It’s time to resurrect interfaith dialogue

WIKIMEDIA COMMONS

I have no clue if the Hindus are talking to the Unitarians or if Sunni Muslims are talking to the Amish, but we barely talk to anyone anymore. Interfaith dialogue has been largely forgotten by our community.

Interfaith dialogue is not the same as Arab-Jewish dialogue. Though overlapping, the latter is political – it aspires to help resolve the Israel-Palestine conflict. Interfaith dialogue, by contrast, is theological. It fosters understanding of and between different religious communities.

Today, when we speak with other faith groups, the conversations are often transactional. We come together to advance common advocacy interests and fall apart when those issues fade. Fighting religious discrimination and seeking equity for religious school funding are important, but such issues simply align like-minded interfaith groups in a political dialogue with government. That is not interfaith dialogue, that is interfaith monologue.

And yet, this approach is pervasive. We cheer evangelicals because they are ardently Zionist, while wilfully ignoring the rest of their theology. Our advocacy organizations similarly partner with the Ahmadiyyas, a tiny Muslim sect, because they are friendly to Israel and share some of our concerns about Islamic extremism.

But Ahmadiyyas are hardly mainstream Muslims. Engaging with them is vaguely like Palestinian engagement with the radically anti-Zionist Neturei Karta: it enables the appearance of dialogue but is really an exercise in bias confirmation with peripheral members of another group. It also supplies great photo-ops with seemingly oppositional peoples in their traditional religious garb.

READ: VICTOR GOLDBLOOM PROVED THE VALUE OF INTERFAITH DIALOGUE

Other communities also confuse dialogue with monologue. Several years ago, I was involved in a World Religions Summit that fed into what was then the G8/G20 conferences. Our final communique appealed for global leaders to fight poverty, care for the earth and so forth. These motherhood calls to action were ostensibly rooted in shared religious values, but really aligned like-minded religious groups for political ends, only on a global scale.

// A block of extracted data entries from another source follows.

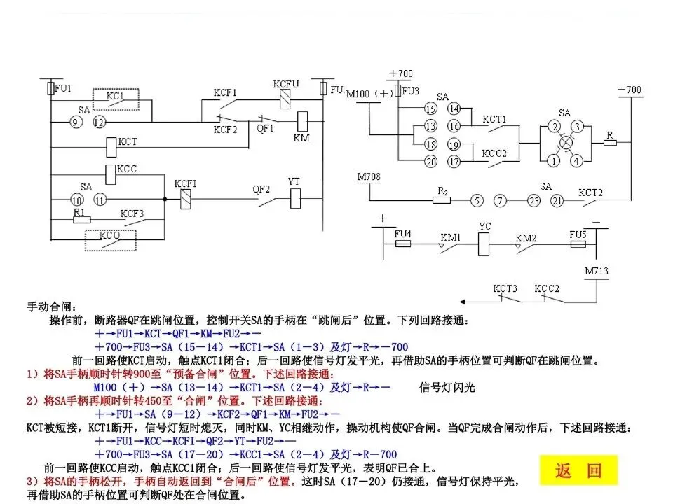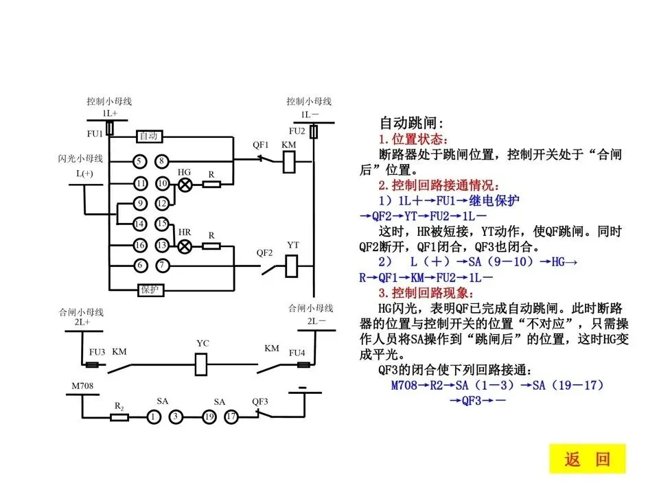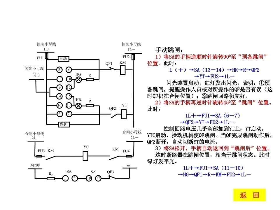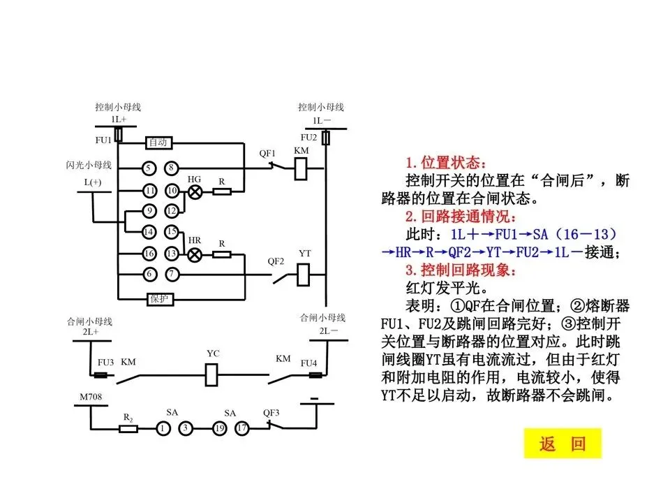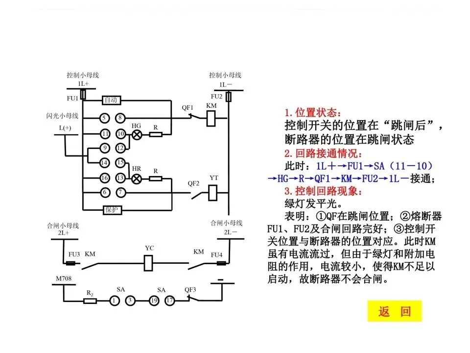 2)手柄在“合闸后”位置,灯发闪光为自动跳闸;3)手柄在“跳闸后”位置,灯发平光为手动跳闸;
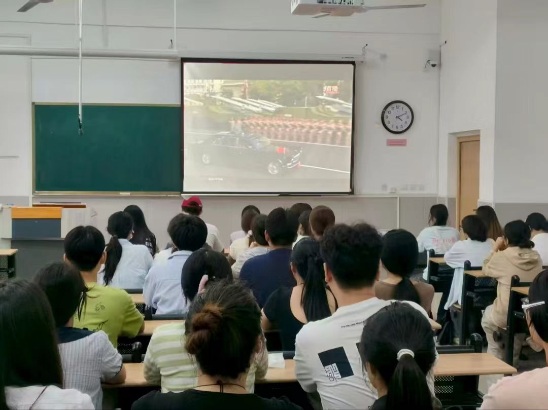 为深入学习中国人民抗日战争暨世界反法西斯战争胜利80周年大会的习近平总书记重要讲话精神,2025年9月4日,文法学院第一党支部在学院楼B316组织观看抗战胜利80周年阅兵仪式主题活动,本次活动由第一党支部教师党员李芳芳主持,第一党支部全体党员参加。
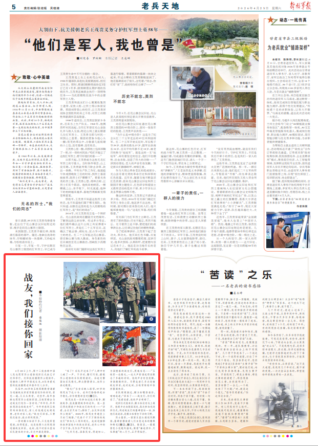 队伍中,93岁的王铁军默默背诵着为迎接战友回家而提前创作的诗词,背完一遍,又从头再背。近些年,每年在韩志愿军烈士遗骸回国,王铁军都会为老战友们创作一首诗词,“年年写,年年在现场念给战友听”。今年考虑到王铁军的身体状况,家人劝他通过电视收看,老兵对家人说:“战友们回家,只要我还能动,就必须到现场。”
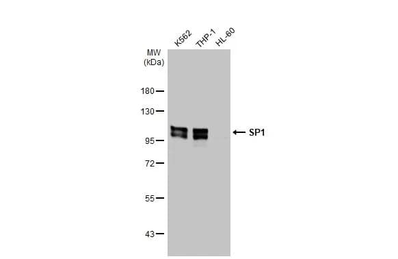 Rabbit Recombinant Monoclonal SP1 antibody. Carrier free. Suitable for IHC-P, ICC/IF, WB and reacts with Human, Mouse, Rat, Transfected cell line samples. Immunogen corresponding to Recombinant Fragment Protein within Human SP1.
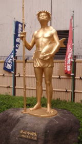 商店街の人たちが河童の話を伝えながら、その記念にしようと作った河童の像です。なぜ金色かは分かりません。
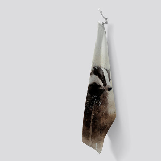 Badger Watercolour Tea Towel
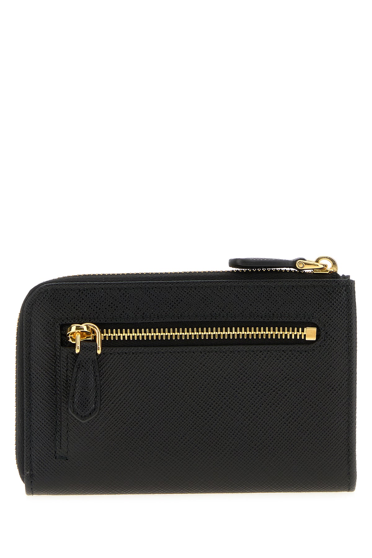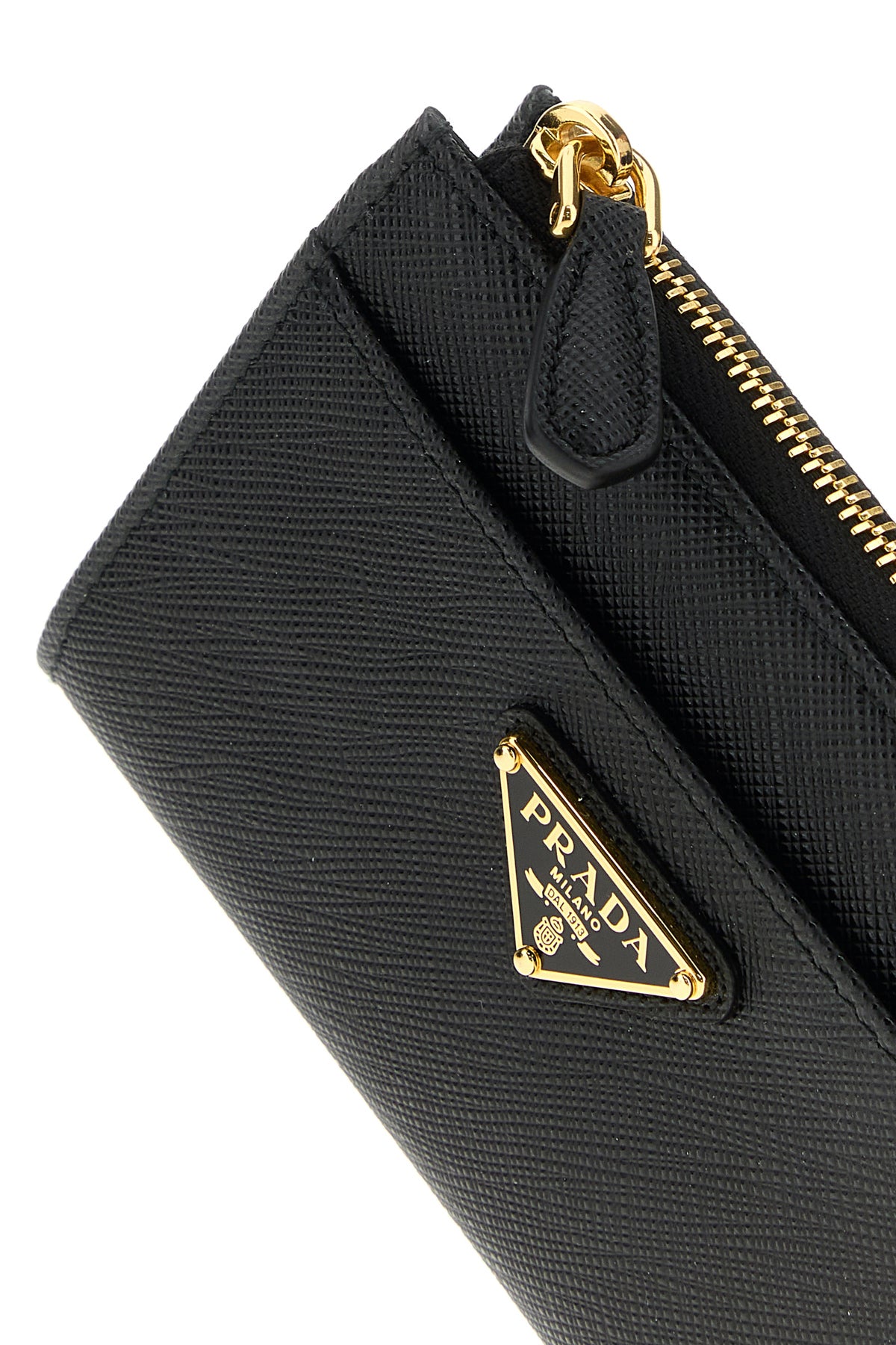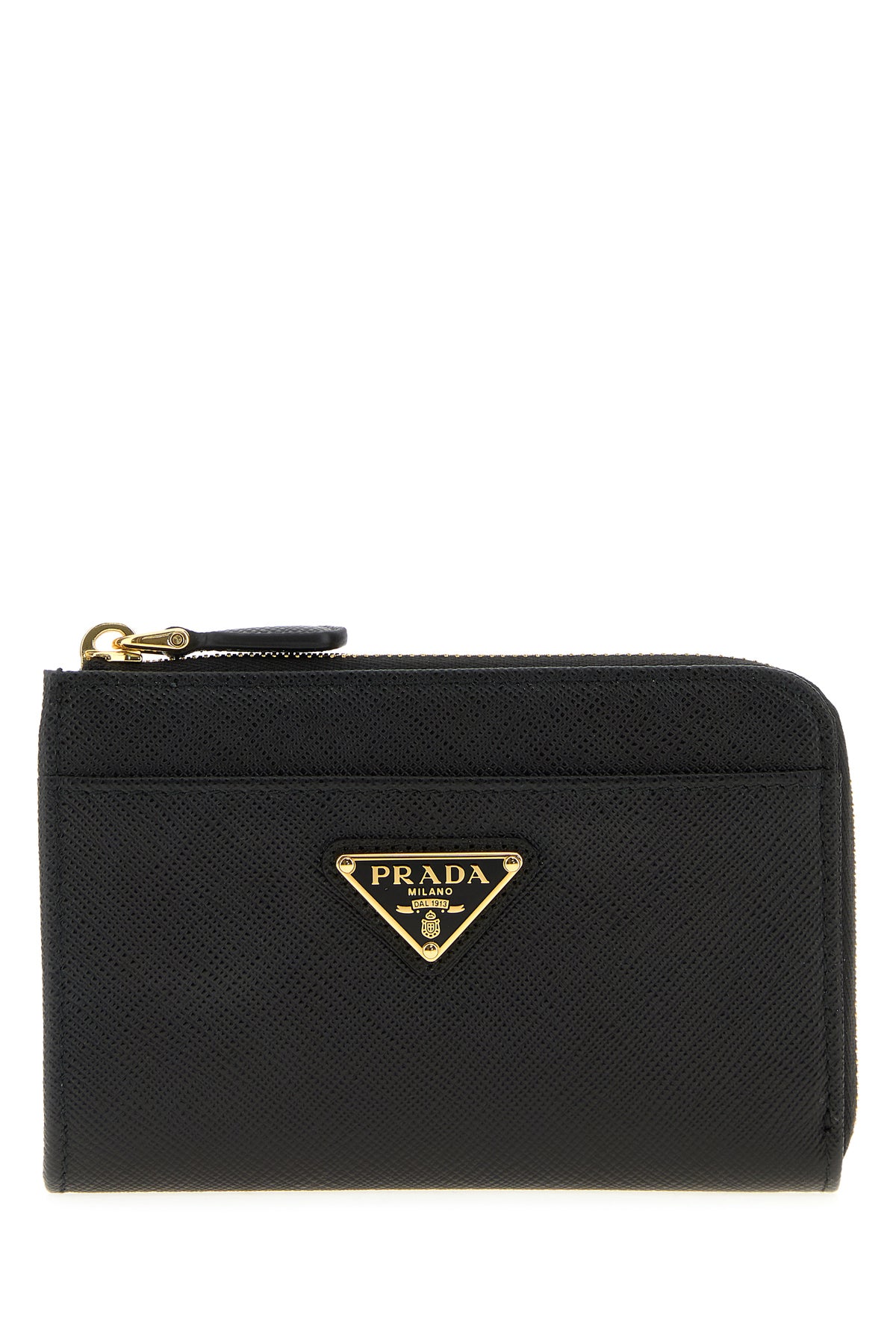 Wallet realized in Saffiano leather enriched by iconic logoed metal triangle at the front.

In that case, a group of left-wing Canadian Christians shaped an agenda that ironically reflected its position of comfort and security – that’s what enabled them to branch into secondary issues like poverty and the environment. Meanwhile, less privileged religious groups had bigger fish to fry, like how to care for their communities’ immediate religious needs.

I don’t recall a single moment of true interfaith dialogue in that process, which is probably why I was there. Other communities typically send clergy to represent them, but ours often sends lay leaders, like me. With clerics on one side and lay people on the other, real interfaith dialogue seldom succeeds.

Today there are semi-organized, poorly funded interfaith dialogue groups scattered pell-mell across Canada, but there was a time when interfaith dialogue was a booming business. The Canadian Council of Christians and Jews (CCCJ) once had offices in six Canadian cities and was led by Canada’s ablest practitioner of interfaith dialogue, Victor Goldbloom. Founded in 1947 largely to fight Christian anti-Semitism, things improved so much that, over time, there seemed nothing left to discuss.

But, of course, there is plenty still to discuss. The interlocutors may have changed, but the promise of interfaith dialogue remains as strong as ever.

Today, the opportunity lies with the Muslim community. Things said about us from parts of that community can be incredibly troubling, but perhaps some Muslim Canadians feel the same way about some of us. Who knows? We barely speak with them. And, like us, the Muslim community is large and diverse.

When the CCCJ was established, many probably thought it was a waste of time. It took 63 years, but its interfaith dialogue was so successful in correcting Christian misperceptions of Jews that the organization closed up shop.

What a joy it would be if we could establish a Canadian Council of Muslims and Jews, give it some time and then shutter it too.